From Natural Language to PromQL: A Catalog-Driven Framework with Dynamic Temporal Resolution for Cloud-Native Observability

arXiv cs.AI / 4/16/2026

💬 OpinionDeveloper Stack & InfrastructureIdeas & Deep AnalysisTools & Practical UsageModels & Research

Key Points

  • The paper introduces a catalog-driven framework that converts natural-language questions into executable PromQL queries to reduce the query-authoring barrier for observability users.
  • It combines a statically curated catalog of ~2,000 metrics with runtime discovery of hardware- and GPU-vendor-specific signals to support cloud-native environments.
  • A multi-stage query pipeline classifies intent, routes metrics by category, and applies multi-dimensional semantic scoring to improve accuracy of the generated PromQL.
  • The framework includes dynamic temporal resolution that interprets varied natural-language time expressions and maps them to the correct PromQL duration syntax.
  • Integrated with the Model Context Protocol (MCP), the system enables tool-augmented LLM interactions across providers and was deployed on production Kubernetes clusters for AI inference workloads with ~1.1s end-to-end latency via the catalog path.

Abstract

Modern cloud-native platforms expose thousands of time series metrics through systems like Prometheus, yet formulating correct queries in domain-specific languages such as PromQL remains a significant barrier for platform engineers and site reliability teams.
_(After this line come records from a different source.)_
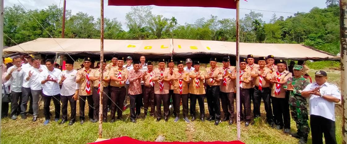 Wakil Bupati Pesisir Selatan Apt. Rudi Hariansyah, S. Si, didampingi Wakapolres Pessel Kompol. Joko Hendro L, S.H.,S.IK, bersama meninjau Tenda-tenda/perkemahan peserta Pertikara dan melakukan foto bersama dengan Peserta Pertikara. ( Rio)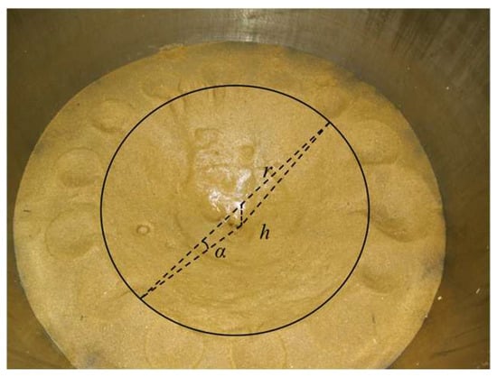 The morphology of the collapse funnel in water and sand inrush is characterized by three parameters: the funnel central depth (h), the funnel top radius (r), and the average measured funnel slope angle (α) (see Figure 5). Nevertheless, there are two limitations in the test: first, due to the size of the chamber, the top radius of the funnel cannot continue to expand once it reaches the chamber wall; second, the heterogeneity of the sand interferes with observations.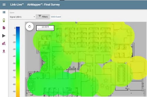 The AirMapper Site Survey application enables you to perform a Wi-Fi survey of an indoor or outdoor location and upload it to Link-Live. From here, you can view heatmaps and Wi-Fi measurements for each data collection point. The Signal heatmap is available to all users, however, some features are only available to units with a valid AllyCare support contract.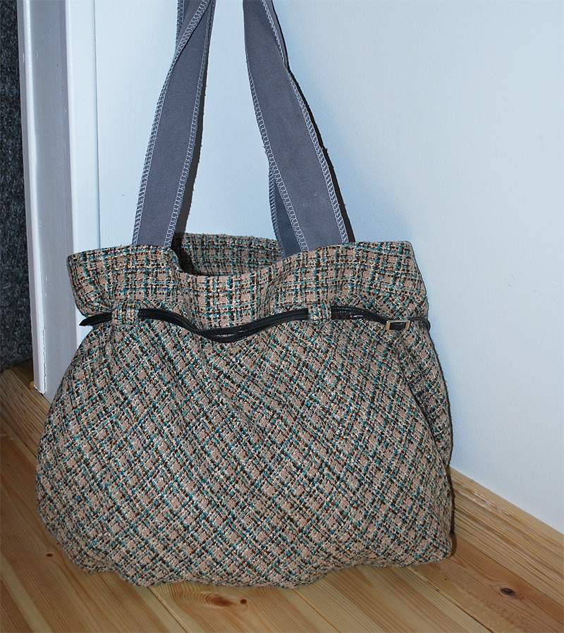 Nu är jag riktigt varm i symaskinen.. Det här är morsans gamla kjol som jag klippt ner och sytt en verra av.. Handtagen är från ett par kortymbrallor. De fiffiga var..tyckte jag..att man kan dra åt väskan me skärpet..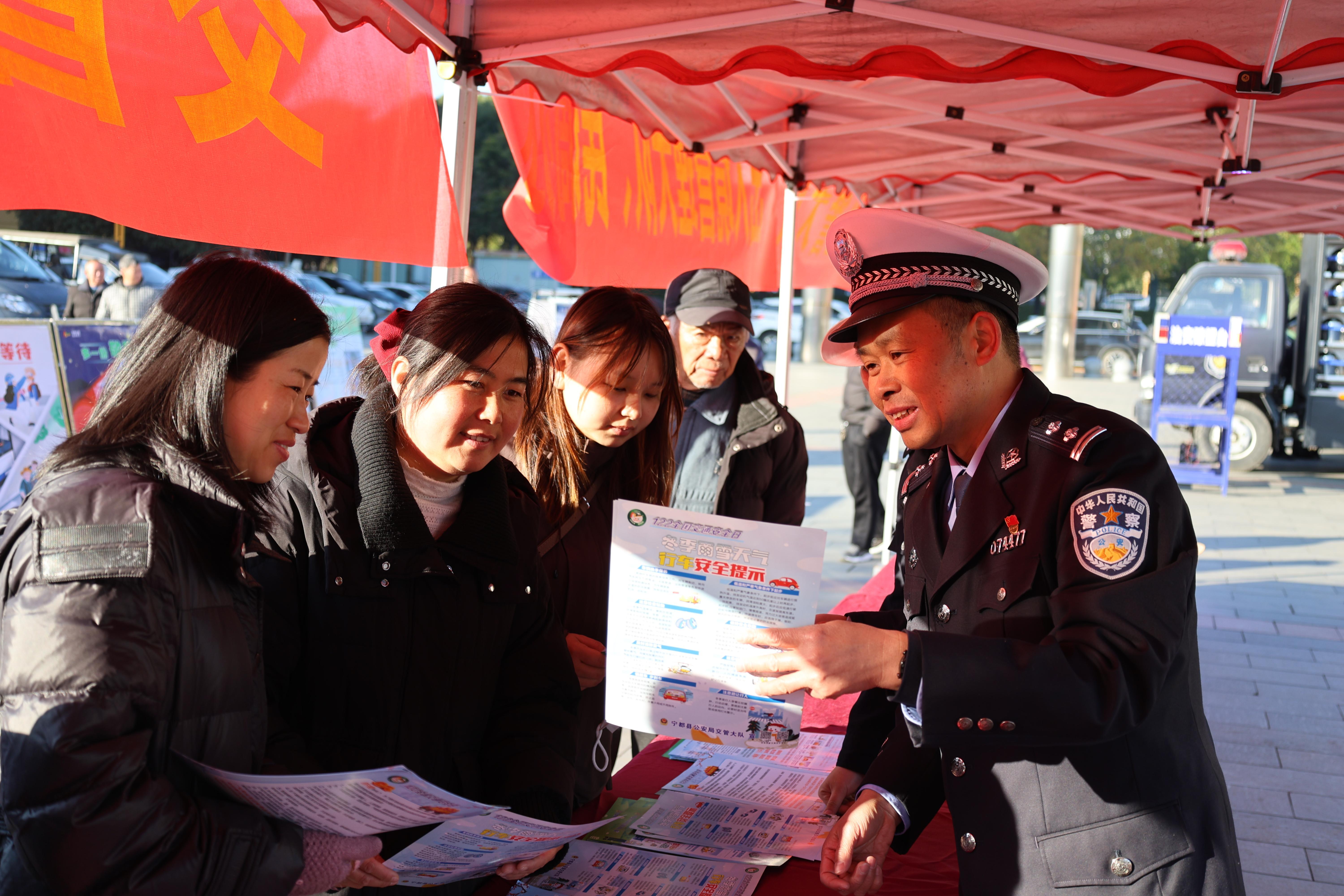 圖為1月9日上午,民警在活動(dòng)現(xiàn)場向群眾宣傳交通安全知識(shí)。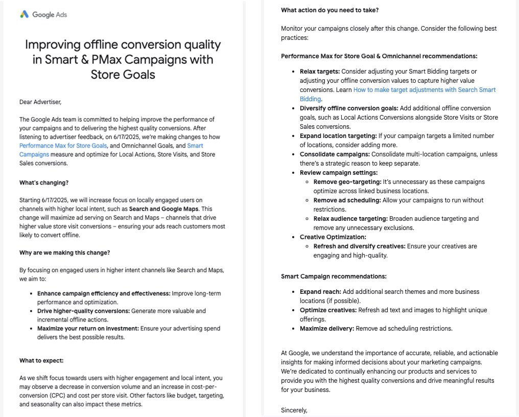 On June 17, Google tweaked how PMax, Smart Campaigns, and Omnichannel Goals handle offline conversions like shop visits or in-person sales. Instead of chasing volume, it’s shifting gears to focus on higher-intent users, especially those engaging on Search and Maps.

We present a catalog-driven framework that translates natural language questions into executable PromQL queries, bridging the gap between human intent and observability data. Our approach introduces three contributions: (1) a hybrid metrics catalog that combines a statically curated base of approximately 2,000 metrics with runtime discovery of hardware-specific signals across GPU vendors, (2) a multi-stage query pipeline with intent classification, category-aware metric routing, and multi-dimensional semantic scoring, and (3) a dynamic temporal resolution mechanism that interprets diverse natural language time expressions and maps them to appropriate PromQL duration syntax. We integrate the framework with the Model Context Protocol (MCP) to enable tool-augmented LLM interactions across multiple providers. The catalog-driven approach achieves sub-second metric discovery through pre-computed category indices, with the full pipeline completing in approximately 1.1 seconds via the catalog path. The system has been deployed on production Kubernetes clusters managing AI inference workloads, where it supports natural language querying across approximately 2,000 metrics spanning cluster health, GPU utilization, and model-serving performance.